Page 35 of Blade

I smile as I turn my head a little to look up at him, and we lock our eyes.

“You love it really,” I say and he shakes his head then presses his lips against mine before mumbling, “Maybe a little,” then he kisses me harder.

I smile into the kiss as I turn in his arms, wrapping mine around his neck to hold him to me.

I know it is selfish to not walk away, but I just need a little more of him to keep me sane, just until I can either leave town after killing Brock once I’ve got the strength to do it or end it all.

Blade is the light in my darkness, and he doesn’t even realize it, and it’s something I have to hold onto.

Chapter 13

Blade

I smile as I watch Luna serve a little kid who looks at her like she’s an angel while the mother looks really pale, seeing how large the milkshakes are here, and knows instantly that her child is going to be bouncing off the walls.

Fuck, the whipped cream alone on top will give the kid a sugar rush, let alone the rest of the thing.

Luna sends a wince to the mother, and I chuckle a little. I swear the more time I spend with this woman, the more intriguing she becomes.

She doesn’t have a life outside of school and work, and now me, and yet she is probably the sweetest girl I’ve ever fucking met. She works hard and never asks for more than I’m willing to give.

This was supposed to be fun, an itch to scratch, something to get her out of my system, but months later, it isn’t enough. It’s never enough. I want more. I want to know the girl underneath the uniform. I want to know the girl beneath her education. I want to know her, and I fucking hate that I do.

She’s slowly becoming my main priority, and I even find myself texting her throughout the day like she’s my girl since the other day, yet I know nothing about her.

Fuck, I don’t even know what she’s going to college for.

“Hey, princess,” I say as she rounds the counter and picks up the coffee pot.

She walks over to me and refills my drink making me smile, and she says, “Sorry, Blade, if you give me ten minutes, I’ll be with you, we’re swamped, and they haven’t replaced Hannah yet after she screwed the manager.”

Why doesn’t that surprise me with the Furies owning this place?

I chuckle, then say, “I was just wondering what you are going to college for?”

She pauses a second after lifting the coffee pot, and her eyes race between mine. I expect her to decline, to tell me this is just fun, so no personal information about each other, giving me the out I should take but really fucking don’t want, but instead, she says, “How about a question for a question?” making me fucking proud.

She never asks anything of me, and I’m man enough to admit that my chest puffs out a little that she finally has. I had to coerce her into letting me fix her car out through sex, for fuck’s sake.

The cambelt was loose as fuck, the oil hadn’t been changed, and two of her tires were barely legal.

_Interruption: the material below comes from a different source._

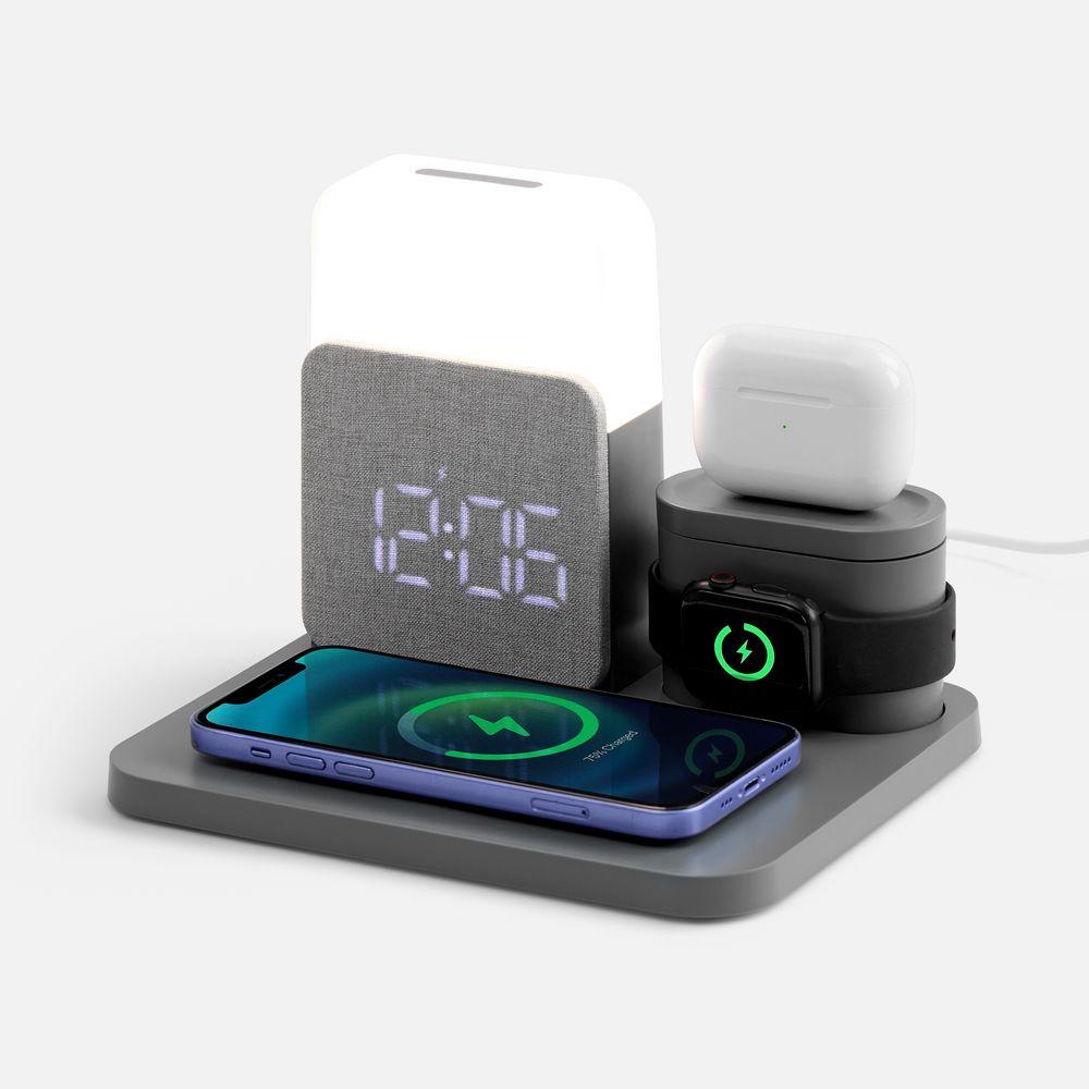 Large Charge — многофункциональное устройство, которое сочетает в себе функции станции для проводной и беспроводной зарядки разнообразных устройств, настольных часов с будильником и лампы.

I smile, nod, and demand, “What’s your question?”

She chews her bottom lip before she asks, “What’s your legal name?”

Okay, I wasn’t expecting that. I half expected her to ask how many other women I’m fucking, which is none, but she doesn’t know that.

Yet again, she’s just a fucking mystery.

I tilt my head at her and reply, “Leo,” and she smiles a little then whispers, “A trauma therapist, to help people who have been abused or raped,” and my lips part in shock because, again, I didn’t expect that and then she adds, “I’m going for my bachelor’s after next year before my PhD,” before walking away, leaving me shell shocked.

This woman is becoming more and more of a mystery as time passes.

“Fuck me, mama was definitely wrong. She’s smart as fuck and not a patch chaser,” I mutter to myself as I shake my head and take a sip of my drink which I moan at.

Fuck she makes good coffee.

Mama decided to fucking corner me before Luna brought her car in the other day. She’d heard that I had a woman coming into the garage, which is why I’m here instead, and she claimed that Luna could be using me, that she wouldn’t make a good old lady or first lady despite not knowing fuck all about her or her life.